Monday, March 2, 2009
“The struggle is good,” the intellectual said. “And it’s important. I only wish the leaders of the opposition were different people. I’m waiting for someone I can believe in. But I hope the turnout at the rally is big, so the president and his men understand, and see with their own eyes, that people are dissatisfied, and want change.”
As I walked up Mashtots, and saw that people were standing all the way down to Nairi Cinema, I knew the turnout was a large one. Making my way up to where the street turns and becomes Koryun (Srjanayin), I saw a group of about 100 university age students marching along the street, holding flags high and shouting “Ankakh Hayastan,” before winding their way through the crowd and up the stone steps towards the Matenadaran. As opposed to the rallies of several months ago, making one’s way to the top steps was difficult. The crowd seemed to be at least 50,000, as people were spread all over the surrounding hillsides and along the steps leading towards the top where Levon Ter Petrosyan and his people gathered.
Before introducing Ter Petrosyan, the speaker read the names of those who died on March 1 of last year, and then asked for a minute of silence. He then introduced Ter Petrosyan as “the president of Armenia.” The crowd, many holding banners and flags, began shouting “Levon, nakhagah…” The former president began by telling of Human Rights Watch’s recent declaration about the illegality and lack of justice of the government involving the trials and imprisonment of many involved in last year’s protests.
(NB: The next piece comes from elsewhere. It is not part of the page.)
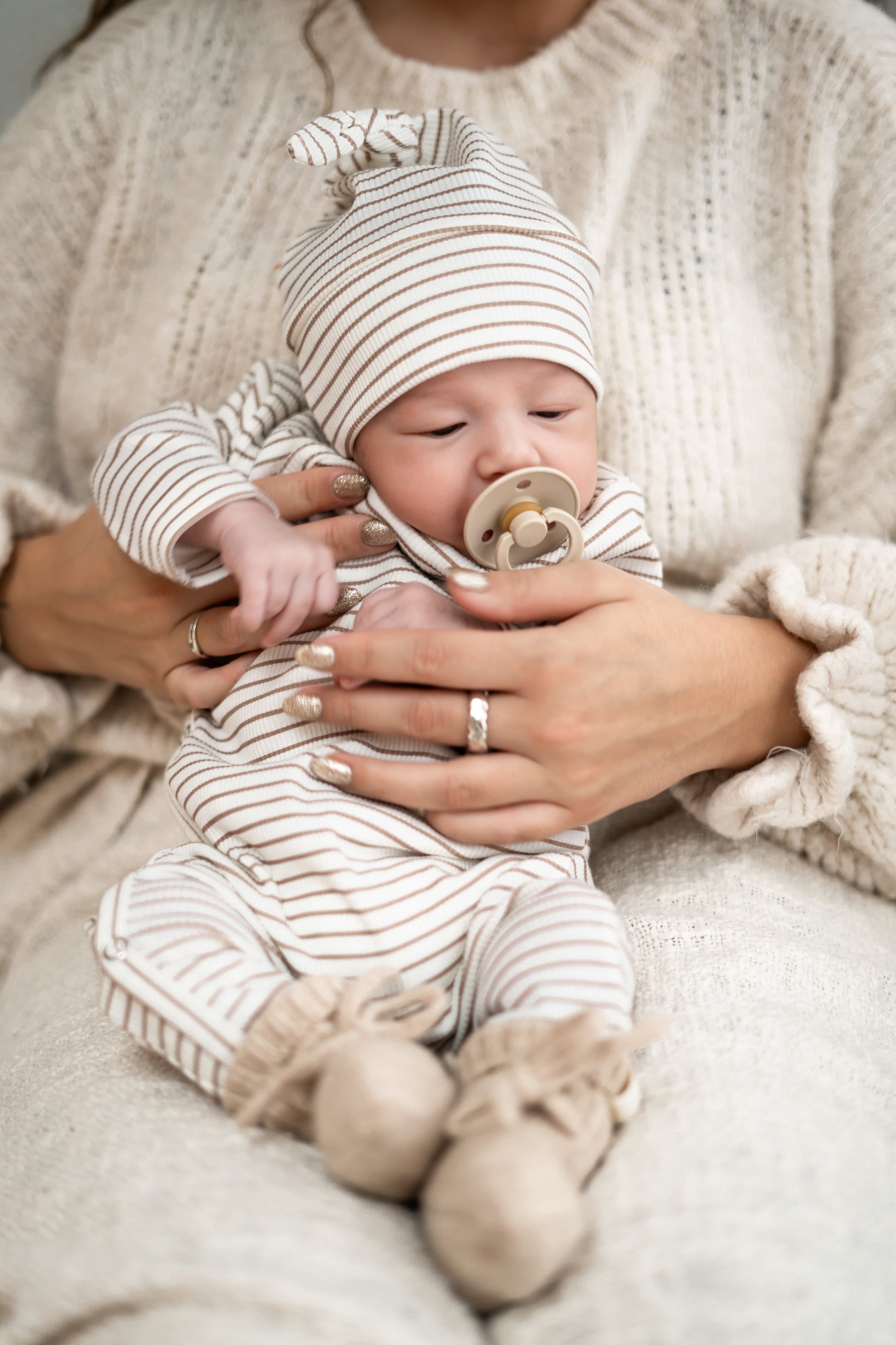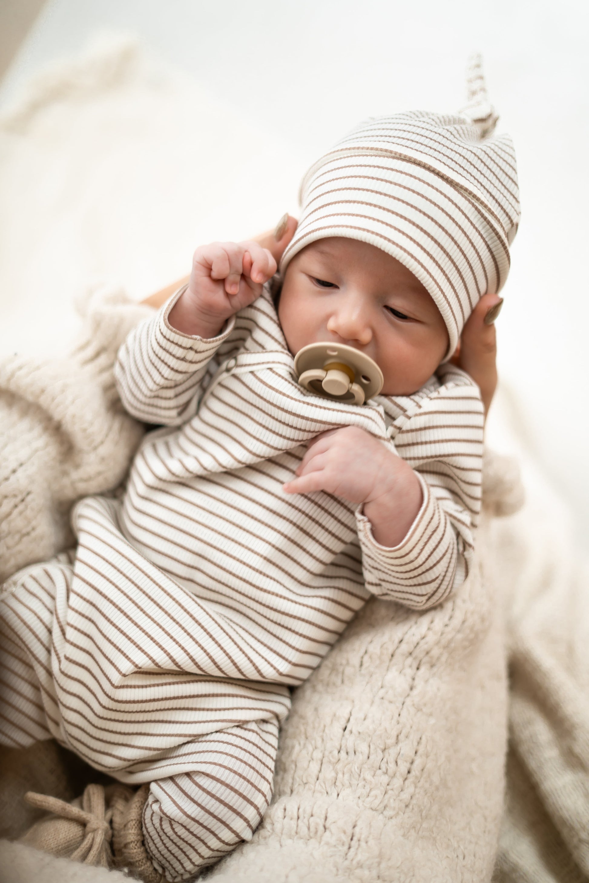 Ben je op zoek naar een stijlvol boxpakje voor jongens of meisjes? Dit prachtige rib boxpakje combineert een ecru ondergrond met elegante taupekleurige streepjes en is gemaakt van zachte, rekbare ribstof voor optimaal comfort. Dankzij de handige drukknoopjes is dit geboortepakje niet alleen mooi, maar ook praktisch. Een perfecte keuze voor je pasgeboren baby!

I remembered one of my own reasons for coming to the rally, besides to remember those who died last year, that being the words of a higher up in the ruling party: “Why have a rally…all they should do is have a memorial evening of sorts…there’s no reason to hold a rally, all is well in Armenia.”
Having another engagement (a memorial for architect Armen Hakhnazaryan, a noted patriot who did much for the study and research of Armenian historical monuments, and who died recently), I had to leave the rally early, barely making my way down Mashtots, as men and women, old and young, continued to make their way up the hill towards the Matenadaran.